An intelligent multi-objective framework for optimizing friction-stir welding process parameters

Abstract

The comprehensive intention of this paper is to evaluate the optimal welding parameters for joining two dissimilar materials by friction stir welding (FSW) process which is termed as a green manufacturing technology in order to generate quality joints. Conventionally, the optimization of process parameters experimentally is carried out by a time-consuming trial and error technique. Also, the effect of two or more parameters cannot be considered at the same time experimentally. Due to this, mathematical modelling is carried out to determine the optimal welding parameters. This paper focuses on a theory that hybridizes the exploring capability of non-dominated sorting genetic algorithm-II (NSGA-II) and exploitation capability of Technique for Order of Preference by Similarity to Ideal Solution (TOPSIS) method. The performance parameters of FSW process has a high level of nonlinearity due to which artificial neural network (ANN) is employed to mathematically model the performance measures. Full factorial design is employed to plan the experimentations. At random, ten dataset were used for testing the ANN structures and the remaining data were used to train the network for predicting the ultimate tensile strength (UTS), hardness and impact energy.
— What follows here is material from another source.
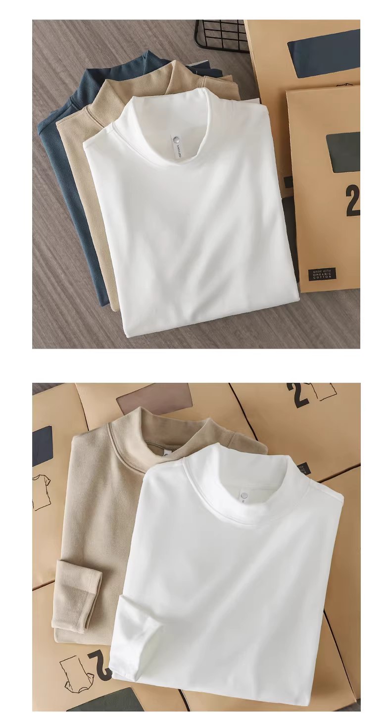 - Áo sơ mi cổ cao nửa cổ bằng nhung Đức hai mặt hạng nặng Pure Group 350G dành cho nam và nữ, áo thun dài tay bên trong màu trơn ấm áp mùa thu đông.

The optimal networks had root mean square error (RMSE) and mean absolute error (MAE) of 0.7486 and 0.0074, 0.4045 and 0.003 and 0.1866 and 0.0354 respectively. The transfer equations developed from the ANN models is used as the fitness function for the NSGA-II algorithm. The optimal welding parameters obtained from the proposed hybrid algorithm are Tool rotation speed = 1693rpm, Traverse speed= 2.72 mm/s and Copper as advancing side material. Validation of the optimal result is done by carrying out experiments that are conducted at the simulated optimal parameter. Finally, a macro and microstructural study of the welded joint at the simulated optimal parameter is carried out in order to assess the behaviour of the weld.